Although Snyder acknowledges this basic doctrine, it states that filing a cross-appeal would be both "permissible and desirable." We disagree. Like the filing of the cross appeal in Datascope Corp. v. SMEC, Inc., 879 F.2d 820, 822, n. 1 (Fed. Cir. 1989), Snyder's "filing of its cross-appeal for the sole purpose of preserving its right to offer arguments in support of the judgment is improper." Snyder may present arguments that any evidentiary rulings were wrong as an appellee. The practical effect of this order is that the court will treat Snyder's red brief as an appellee's brief rather than a cross-appellant's brief. However, Snyder is not entitled to file a cross-appellant's reply brief. Accordingly, the court will disregard the fourth brief filed, Snyder's reply brief.

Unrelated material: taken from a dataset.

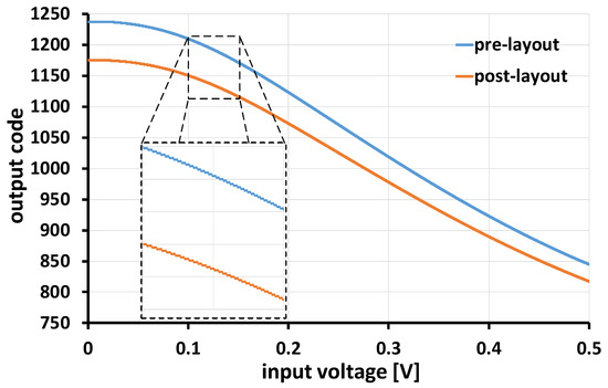Nonlinear VCO-based ADC transfer curve (the orange (blue) waveform represents the post (pre)-layout simulation results).

(1) Heil's motion to dismiss Snyder's cross-appeal, No. 92-1127, is granted.

(2) Snyder's red brief will be treated as its appellee's brief.

(3) Snyder's reply brief will be disregarded.

(4) Heil's motion to strike a portion of Snyder's reply brief is moot.

(5) The revised official caption shall delete appeal no. 92-1127 from the heading and designate Snyder as a "Defendant-Appellee."